Dr. H. Gerard Bissinger, the American Undersecretary for Nuclear Affairs, was a gangly bespectacled former Harvard professor. Known in Washington circles as the “Bomb Babysitter,” he was charged with knowing the precise whereabouts of every nuke on the planet.

“Slide?” Bissinger said. “In laymen’s terms, the weapon the general is holding, shown here in cross-section, is capable of being fielded with a ‘neutron bomb’ or enhanced radiation option. Simply put, the ‘linear implosion’ concept is that an elongated, or ‘football-shaped’ lower density subcritical mass of material can be compressed and deformed into a higher density spherical configuration by embedding it in a cylinder of explosives which are initiated at each end, thus squeezing the fissle mass to the center into a super-critical shape.”

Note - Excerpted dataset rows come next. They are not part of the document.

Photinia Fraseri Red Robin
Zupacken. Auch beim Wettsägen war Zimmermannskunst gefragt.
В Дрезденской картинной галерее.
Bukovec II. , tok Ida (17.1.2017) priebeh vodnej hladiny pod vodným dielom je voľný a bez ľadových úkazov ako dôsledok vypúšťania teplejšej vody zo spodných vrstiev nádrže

“Say what?” the American general said.

“Beg pardon?” Bissinger said.

“Excuse me all to hell, Doc,” the American general said, “but if that’s layman talk, I guess I ain’t a layman. Does anybody in this room know what the hell this man said?”

Alex couldn’t help himself. With a slight cough, he took the floor and all eyes were on him.

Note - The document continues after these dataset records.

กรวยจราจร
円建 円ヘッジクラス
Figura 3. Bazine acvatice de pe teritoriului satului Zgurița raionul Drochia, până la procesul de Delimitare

“In a vernacular you might well understand, General,” Hawke said evenly, “Dr. Bissinger has just informed you that it’s very late in the fourth quarter and the opposing team has the ability to throw the long bomb.”

“The long bomb?” the general asked, turning the silver football in his hands.

“Precisely,” Alex Hawke said. “The ultimate ‘Hail Mary,’ as it were, General.”